Francesa lança guia ilustrado sobre sexo em que compartilha novos métodos para alcançar o prazer

A expressão “entendeu ou quer que eu desenhe?” foi seguida à risca pela ilustradora francesa Jüne Plã. Quando um namorado quis saber onde ficava um determinado ponto na sua vagina, ela colocou o talento a serviço do prazer e criou a primeira de suas inúmeras ilustrações. A intenção era mostrar que havia um universo a ser desbravado. “As pessoas precisam de referências visuais”, endossa a autora, em entrevista feita por e-mail. “Somos muito influenciados por filmes e pela pornografia, o que é triste porque a penetração não é a única maneira de alcançar o prazer”, ressalta.

Para compartilhar com o mundo todas essas possibilidades, em 2018, criou o perfil no Instagram Jouissance Club (@jouissance.club), hoje com mais de 900 mil seguidores. “Entendi que era a maneira certa de ajudar as pessoas, de forma lúdica, a serem mais criativas. Mas vale dizer que minhas ilustrações não substituem uma boa conversa. A comunicação é a chave”, frisa. Os desenhos, livres e, ao mesmo tempo, didáticos, reverberaram e a designer de personagens de videogames lançou o livro na França há dois anos. Com mais de 500 mil exemplares vendidos, “Clube do orgasmo — uma cartografia do prazer” (Intrínseca) chega na segunda-feira às livrarias brasileiras e pode ser um bom presente de Dia dos Namorados.
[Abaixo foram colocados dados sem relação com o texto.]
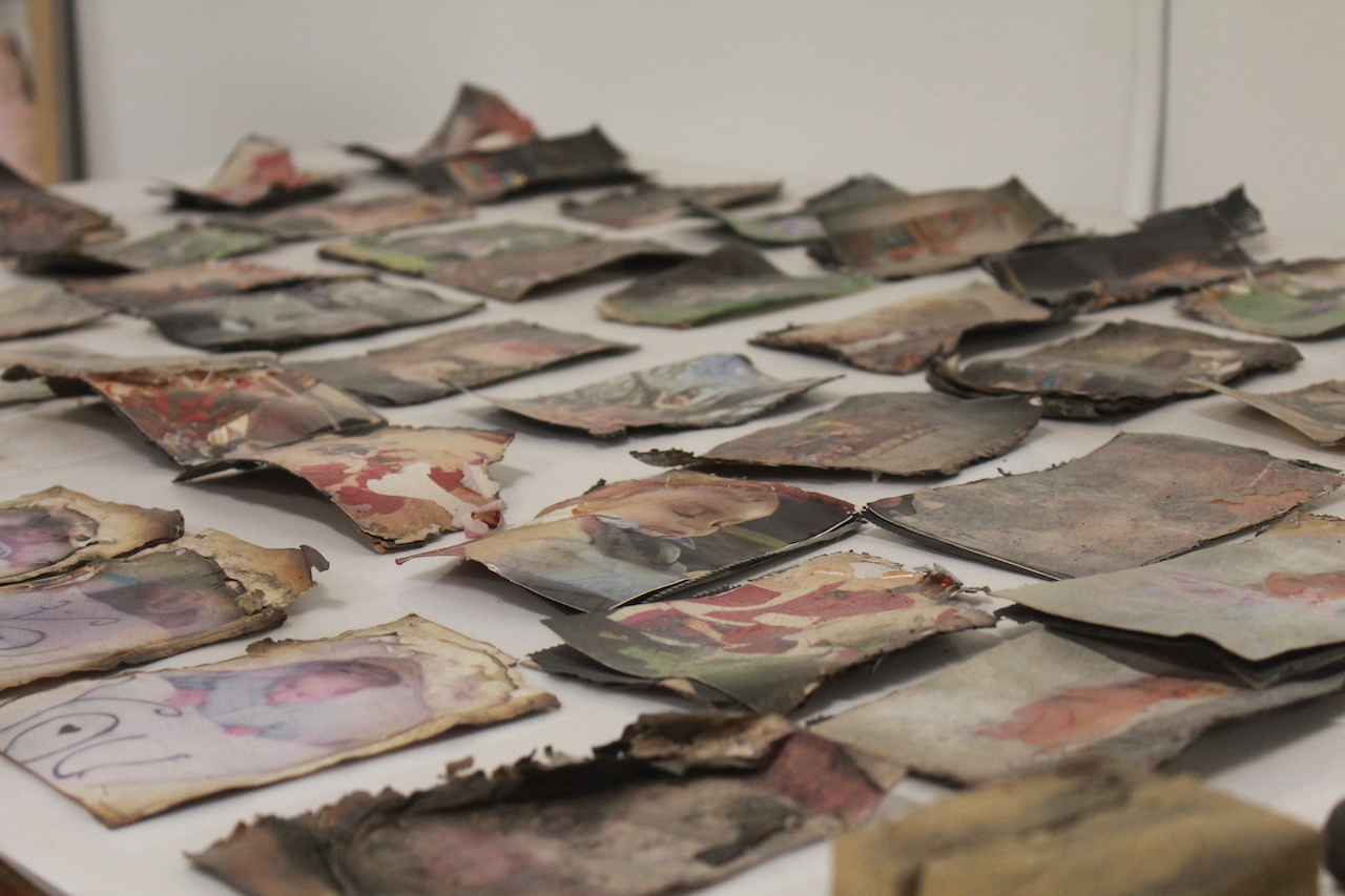 Amber takes me on a tour of her space and shows me a few ways she can lift dirt, manipulate materials, and identify what has to happen to seamlessly repair what looks like, to me, an unrepairable painting, document, or photograph. It’s a fascinating practice; the chemical solutions, the light exposure, the meticulous nature of pain-stakingly lifting dirt from a canvas with a skewer tipped in cotton gauze. The skill, the passion, the attention to detail.
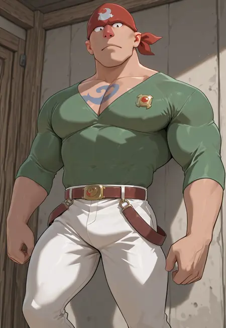 red bandana,green shirt,blown belt,white pant,
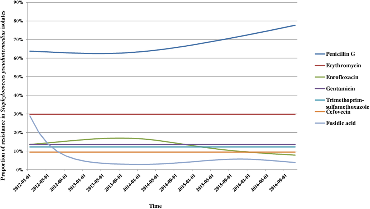 Fig. 1. Trends for antimicrobial resistance in Staphylococcus pseudintermedius isolates from dogs with otitis during the period 2012–2016, on a bimonthly time step.
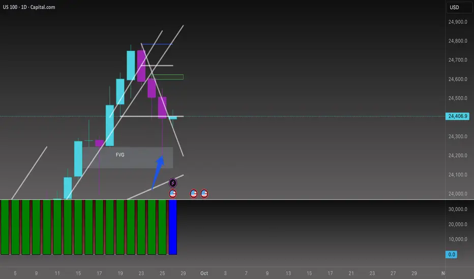 👉 If sellers take control and push price below the trend, we could see a move down toward the FVG region at 24,340.
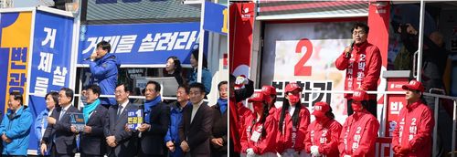 (거제=연합뉴스) 이준영 정종호 기자 = 4·2 재보궐선거 공식 선거운동 첫날인 20일 거제시장 재선거와 경남도의원 재선거, 양산시의원 보궐선거에 나선 후보들이 저마다 적임자를 자처하며 본격 선거운동에 돌입했다.
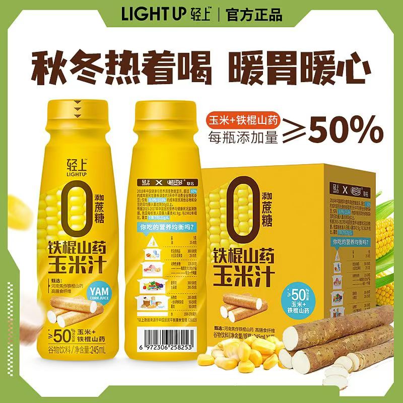 商品名称:轻上 铁棍山药玉米汁鲜榨玉米富含膳食纤维五谷杂粮营养早餐整箱

Nas 256 páginas, Jüne escreve e desenha com bom humor. “Este livro é feito para todo mundo! Menos para quem não gosta de transar”, avisa, de cara. Ela destaca a abordagem inclusiva: “A ideia é ir no seu ritmo e variar os prazeres a sós, em dupla ou em grupo — independentemente do seu gênero ou orientação sexual.” Os capítulos têm nomes como “Por trás da vulva”, “Por trás do pênis”, “As zonas de prazer de Sicrane” e “As zonas de prazer de Beltrane”. Fartamente ilustrado, o guia passeia por diversos temas: faz um passo a passo da exploração da “vulva e seus arredores”, explica o que pode causar dor na hora do sexo, discorre sobre transar menstruada (criando, inclusive, uma lista de músicas para entrar no clima da menstruação) e explica o que é o dicklit. “É o apelido que várias pessoas transmasculinas (a quem foi atribuído o gênero feminino ao nascer, mas que reivindicam o reconhecimento no gênero masculino, ou similares) dão para o clitóris que cresceu devido ao uso de testosterona.”

Mesmo em tempos em que a informação está a um clique, ela acredita que há ainda muito desconhecimento a respeito do sexo. “Precisamos falar sobre esse assunto na escola. Porque a ignorância levou a minha geração a cometer muitos erros dos quais eu, pessoalmente, me arrependo”, afirma. Para Jüne, uma das maiores dificuldades das mulheres — atingir o orgasmo — é o resultado da falta de comunicação e de paciência entre os casais. “Temos esse problema no sexo heterossexual. Muitas não chegam ao clímax com os parceiros porque a penetração fica no centro da sexualidade e sabemos agora que a grande maioria só consegue atingir o orgasmo por meio da estimulação do clitóris”, diz. Porém, segundo a autora, o silêncio segue imperando. “Elas não dizem o que desejam por não querer incomodar. E, quando se trata de fazer sexo oral nas mulheres, os homens acham que demoramos muito para gozar. No final, cria-se uma lacuna entre o orgasmo masculino e feminino”, emenda. A saída são longas sessões. “Sexo é bom como massagem. E ninguém quer que uma massagem termine em cinco minutos.”

Com a rotina transformada, Jüne estudou para corresponder às expectativas. “Passei a receber milhares de perguntas e me tornei uma espécie de sexóloga”, diz. “Minha vida é muito diferente hoje, mal tenho tempo para desenhar. Mas sinto falta. Quero voltar a me dedicar às ilustrações: essa é a única maneira de me sentir viva”, conclui.